**Required action**
Starting at the line with "วันจันทร์ที่ 13 ตุลาคม" and ending at the line with "内蔵された超音波スピーカーが動物の聴覚を刺激し、効果的に接近を防ぎます。", print exactly the lines of the entries below. Pictures do not belong in the copy.

= = = = = = =

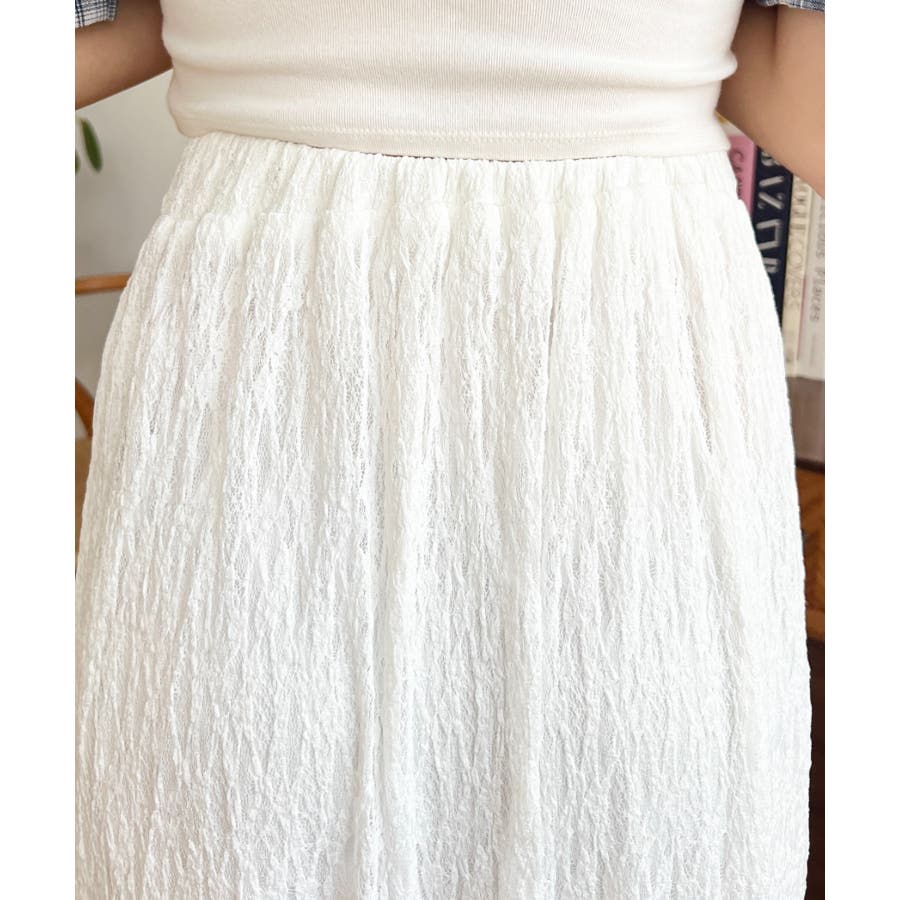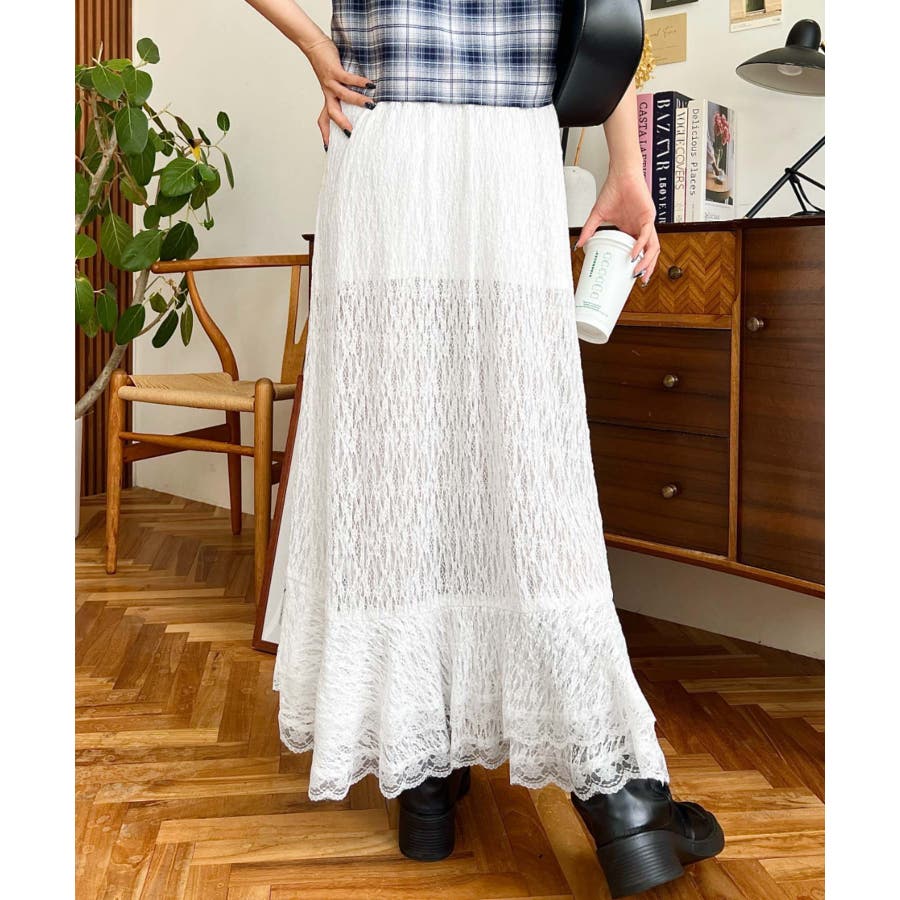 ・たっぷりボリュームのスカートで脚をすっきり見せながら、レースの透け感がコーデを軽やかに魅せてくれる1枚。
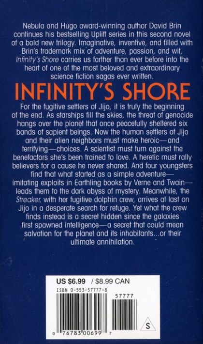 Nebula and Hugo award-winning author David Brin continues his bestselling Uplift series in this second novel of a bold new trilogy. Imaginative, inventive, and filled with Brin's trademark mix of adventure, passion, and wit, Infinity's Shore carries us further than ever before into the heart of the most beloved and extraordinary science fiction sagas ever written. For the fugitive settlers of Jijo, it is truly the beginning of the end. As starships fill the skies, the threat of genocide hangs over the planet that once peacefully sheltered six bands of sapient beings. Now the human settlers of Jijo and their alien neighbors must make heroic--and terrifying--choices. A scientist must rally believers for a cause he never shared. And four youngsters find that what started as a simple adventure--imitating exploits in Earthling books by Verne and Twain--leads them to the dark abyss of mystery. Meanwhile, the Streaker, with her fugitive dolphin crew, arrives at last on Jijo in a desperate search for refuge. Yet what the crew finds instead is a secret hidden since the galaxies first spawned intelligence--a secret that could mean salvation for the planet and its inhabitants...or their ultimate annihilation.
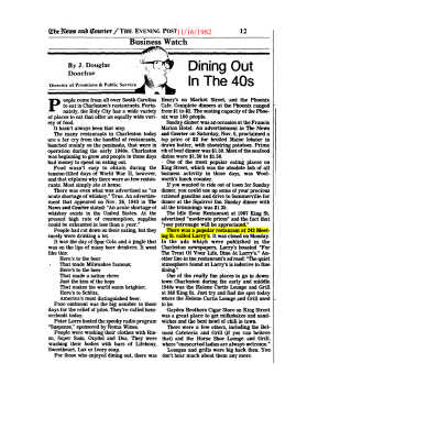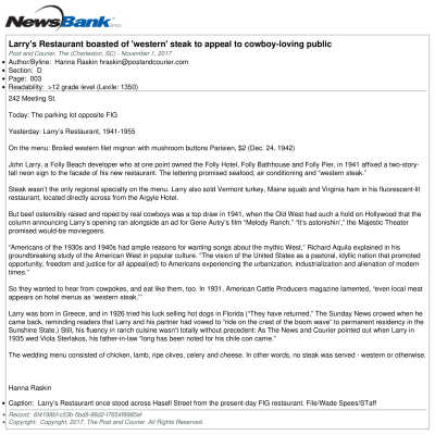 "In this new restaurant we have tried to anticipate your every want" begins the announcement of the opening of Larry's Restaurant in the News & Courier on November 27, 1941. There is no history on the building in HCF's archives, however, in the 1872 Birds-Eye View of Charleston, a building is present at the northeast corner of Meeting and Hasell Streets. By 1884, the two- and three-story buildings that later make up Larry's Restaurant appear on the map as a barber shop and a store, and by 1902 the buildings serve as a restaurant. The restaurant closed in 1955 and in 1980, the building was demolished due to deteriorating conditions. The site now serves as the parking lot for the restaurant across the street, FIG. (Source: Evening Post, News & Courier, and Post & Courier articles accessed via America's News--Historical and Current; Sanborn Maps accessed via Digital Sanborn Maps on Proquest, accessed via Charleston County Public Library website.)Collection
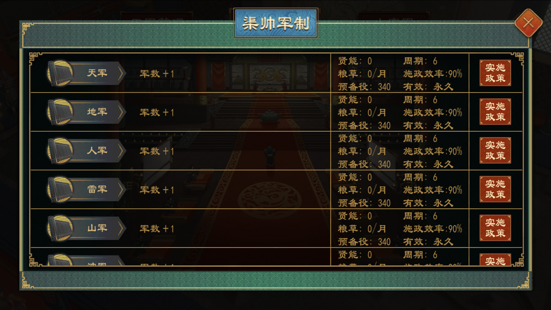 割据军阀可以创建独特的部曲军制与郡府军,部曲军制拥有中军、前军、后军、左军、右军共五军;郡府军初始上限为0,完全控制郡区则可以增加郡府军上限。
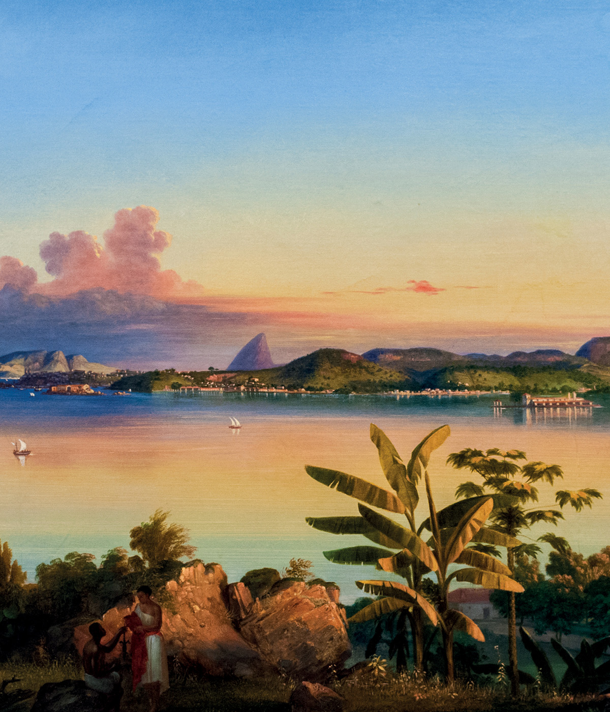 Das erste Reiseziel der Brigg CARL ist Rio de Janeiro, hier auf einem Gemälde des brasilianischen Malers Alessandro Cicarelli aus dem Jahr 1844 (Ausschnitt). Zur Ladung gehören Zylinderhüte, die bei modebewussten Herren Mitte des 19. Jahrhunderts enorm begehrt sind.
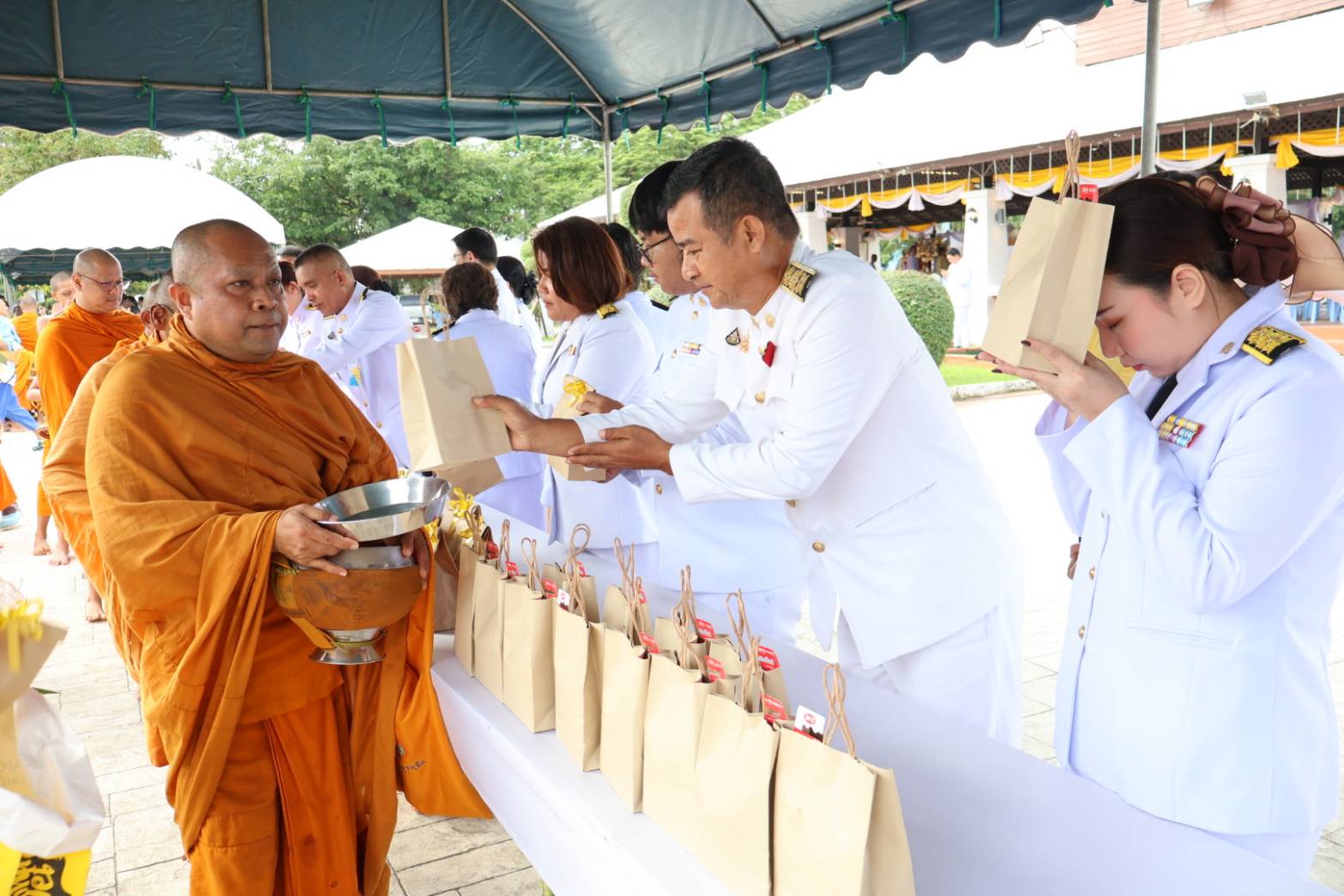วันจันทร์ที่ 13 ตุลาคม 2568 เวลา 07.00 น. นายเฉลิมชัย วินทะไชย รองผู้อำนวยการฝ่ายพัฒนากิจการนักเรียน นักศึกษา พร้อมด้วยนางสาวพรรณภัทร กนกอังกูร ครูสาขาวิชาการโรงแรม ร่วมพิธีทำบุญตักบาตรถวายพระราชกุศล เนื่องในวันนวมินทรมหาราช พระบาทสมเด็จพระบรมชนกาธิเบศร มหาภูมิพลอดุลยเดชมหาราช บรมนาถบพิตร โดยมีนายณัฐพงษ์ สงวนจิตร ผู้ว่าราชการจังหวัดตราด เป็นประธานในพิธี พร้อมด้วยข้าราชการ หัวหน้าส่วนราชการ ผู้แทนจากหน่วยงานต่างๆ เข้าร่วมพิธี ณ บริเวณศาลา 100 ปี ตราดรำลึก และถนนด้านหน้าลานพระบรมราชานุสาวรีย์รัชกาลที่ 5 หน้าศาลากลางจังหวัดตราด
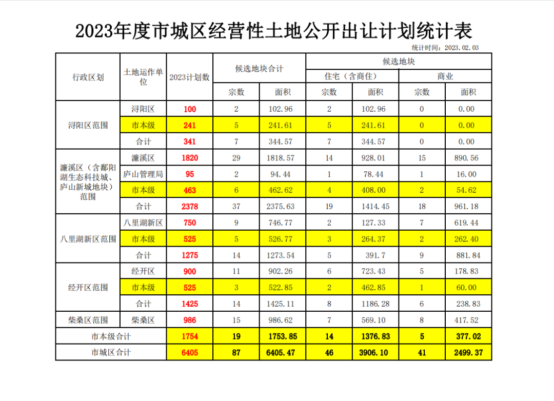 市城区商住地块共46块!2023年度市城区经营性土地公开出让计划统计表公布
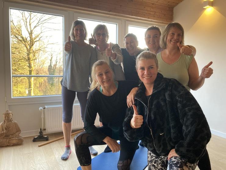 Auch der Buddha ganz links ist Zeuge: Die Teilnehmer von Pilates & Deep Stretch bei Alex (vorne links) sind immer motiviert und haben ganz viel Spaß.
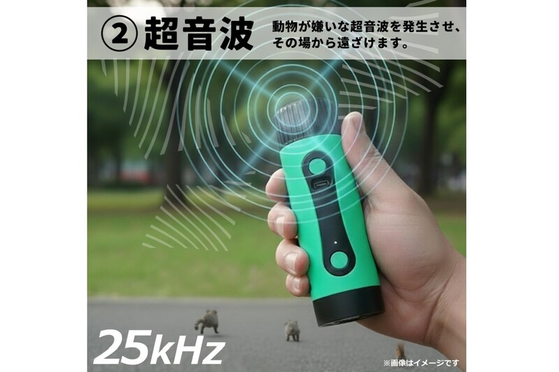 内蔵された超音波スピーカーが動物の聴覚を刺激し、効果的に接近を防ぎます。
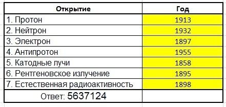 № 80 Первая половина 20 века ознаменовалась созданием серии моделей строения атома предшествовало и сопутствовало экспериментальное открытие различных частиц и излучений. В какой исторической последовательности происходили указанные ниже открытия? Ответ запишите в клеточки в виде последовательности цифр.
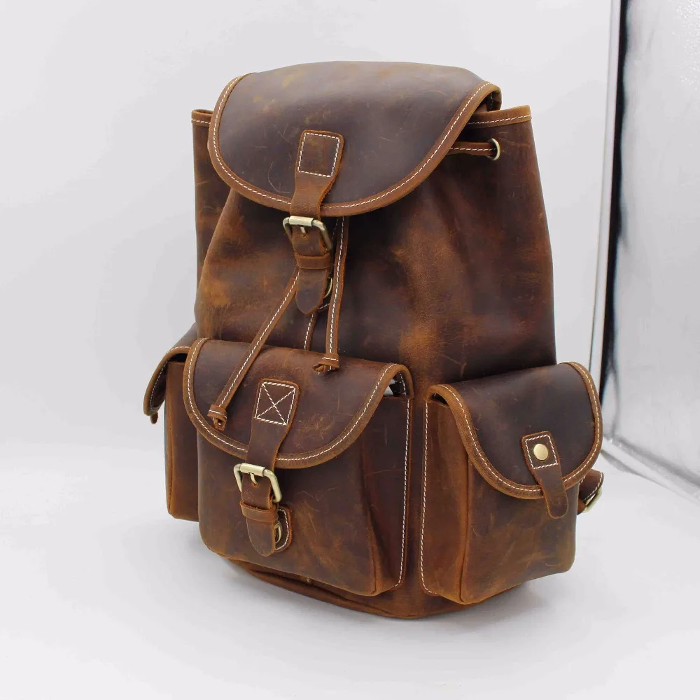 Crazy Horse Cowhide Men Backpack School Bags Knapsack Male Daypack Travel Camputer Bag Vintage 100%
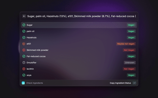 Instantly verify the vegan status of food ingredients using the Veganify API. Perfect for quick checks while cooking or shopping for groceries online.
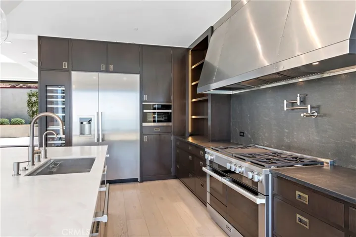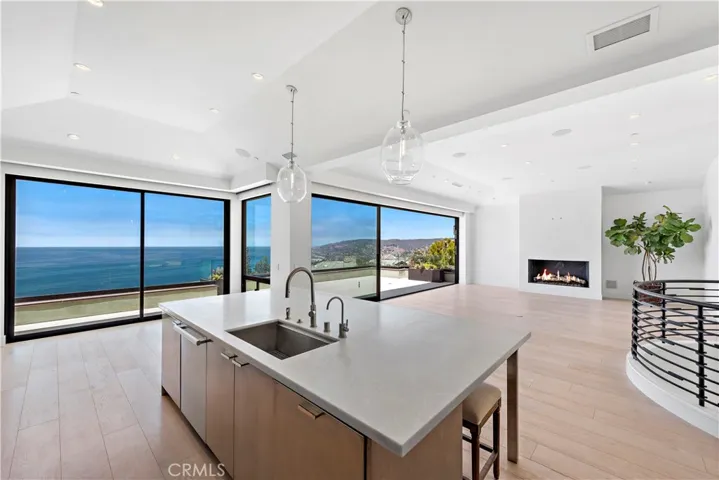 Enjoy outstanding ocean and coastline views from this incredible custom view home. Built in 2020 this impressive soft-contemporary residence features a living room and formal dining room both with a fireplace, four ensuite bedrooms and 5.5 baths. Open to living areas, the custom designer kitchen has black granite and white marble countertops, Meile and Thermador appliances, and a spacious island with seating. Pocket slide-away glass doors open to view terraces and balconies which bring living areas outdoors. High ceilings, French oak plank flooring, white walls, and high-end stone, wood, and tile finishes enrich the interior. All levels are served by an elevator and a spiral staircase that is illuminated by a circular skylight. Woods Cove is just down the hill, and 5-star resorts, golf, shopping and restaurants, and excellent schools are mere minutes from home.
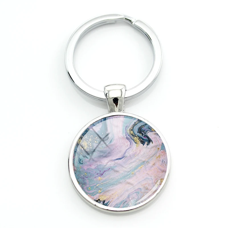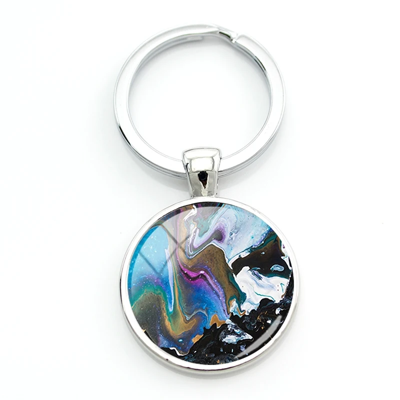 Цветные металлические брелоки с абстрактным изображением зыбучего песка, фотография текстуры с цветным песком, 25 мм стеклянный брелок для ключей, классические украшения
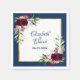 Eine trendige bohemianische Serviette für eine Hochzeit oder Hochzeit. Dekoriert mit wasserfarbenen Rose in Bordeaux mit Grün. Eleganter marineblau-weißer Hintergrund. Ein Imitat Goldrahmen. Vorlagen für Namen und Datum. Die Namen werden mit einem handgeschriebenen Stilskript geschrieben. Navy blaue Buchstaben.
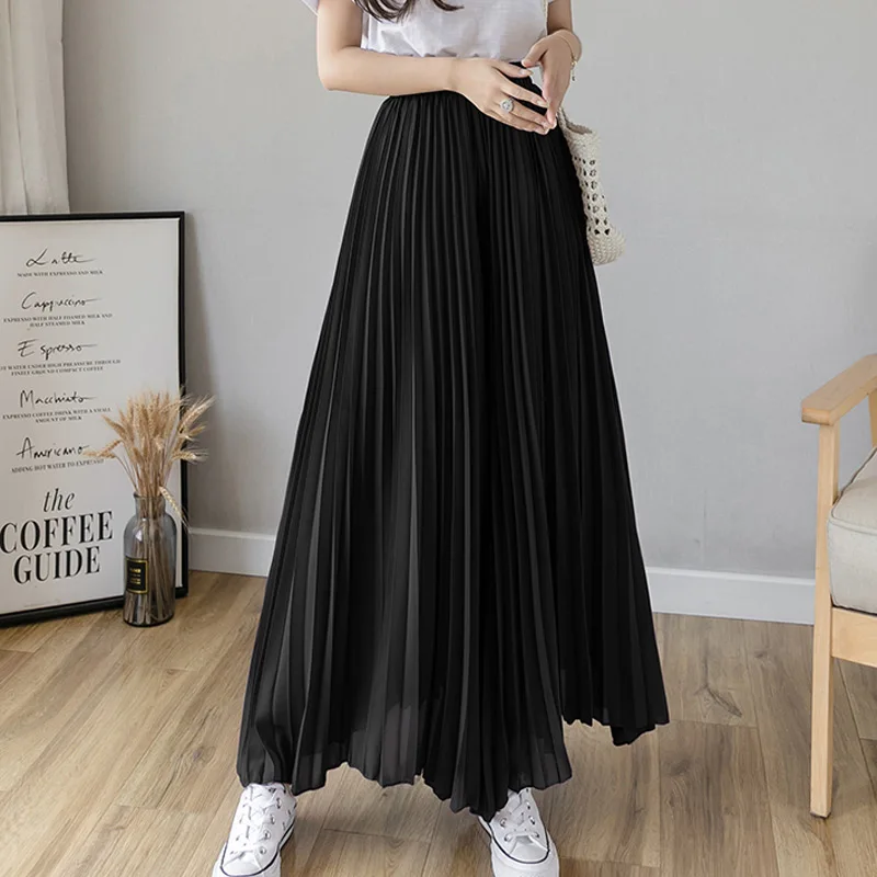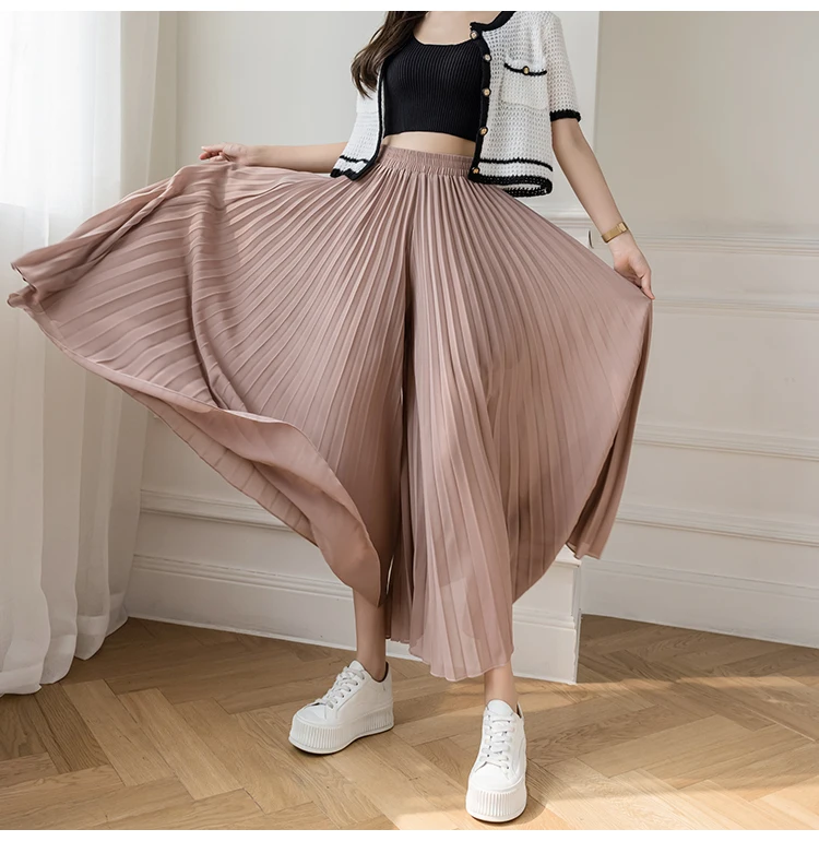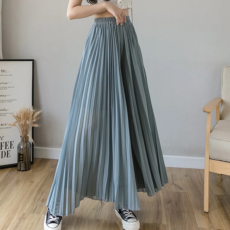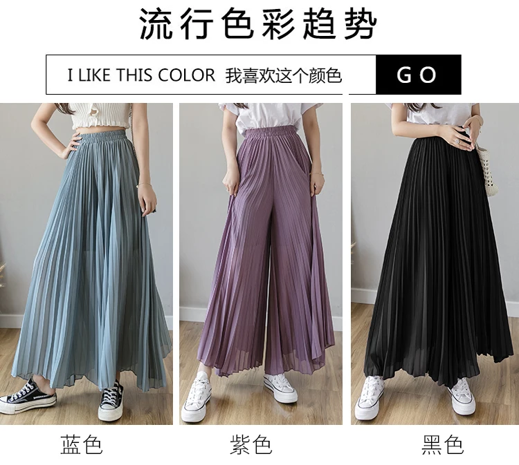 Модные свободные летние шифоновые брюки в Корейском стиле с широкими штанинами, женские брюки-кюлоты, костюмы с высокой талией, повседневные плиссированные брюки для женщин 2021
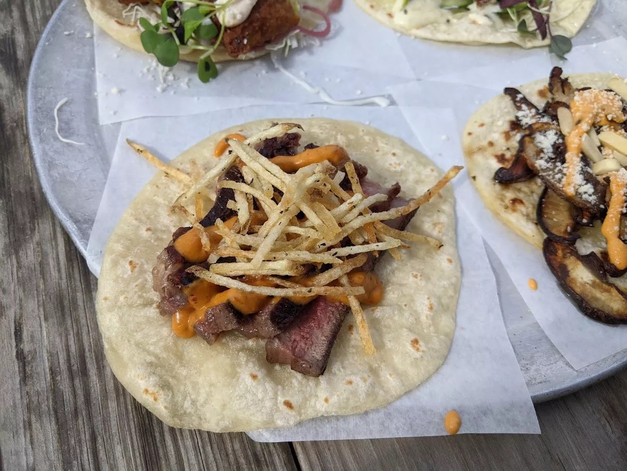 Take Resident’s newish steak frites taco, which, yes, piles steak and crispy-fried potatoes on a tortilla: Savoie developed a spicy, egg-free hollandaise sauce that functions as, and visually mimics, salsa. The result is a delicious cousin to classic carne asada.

= = = = = = =

**Answer to this exercise**
วันจันทร์ที่ 13 ตุลาคม 2568 เวลา 07.00 น. นายเฉลิมชัย วินทะไชย รองผู้อำนวยการฝ่ายพัฒนากิจการนักเรียน นักศึกษา พร้อมด้วยนางสาวพรรณภัทร กนกอังกูร ครูสาขาวิชาการโรงแรม ร่วมพิธีทำบุญตักบาตรถวายพระราชกุศล เนื่องในวันนวมินทรมหาราช พระบาทสมเด็จพระบรมชนกาธิเบศร มหาภูมิพลอดุลยเดชมหาราช บรมนาถบพิตร โดยมีนายณัฐพงษ์ สงวนจิตร ผู้ว่าราชการจังหวัดตราด เป็นประธานในพิธี พร้อมด้วยข้าราชการ หัวหน้าส่วนราชการ ผู้แทนจากหน่วยงานต่างๆ เข้าร่วมพิธี ณ บริเวณศาลา 100 ปี ตราดรำลึก และถนนด้านหน้าลานพระบรมราชานุสาวรีย์รัชกาลที่ 5 หน้าศาลากลางจังหวัดตราด
 市城区商住地块共46块!2023年度市城区经营性土地公开出让计划统计表公布
 Auch der Buddha ganz links ist Zeuge: Die Teilnehmer von Pilates & Deep Stretch bei Alex (vorne links) sind immer motiviert und haben ganz viel Spaß.
 内蔵された超音波スピーカーが動物の聴覚を刺激し、効果的に接近を防ぎます。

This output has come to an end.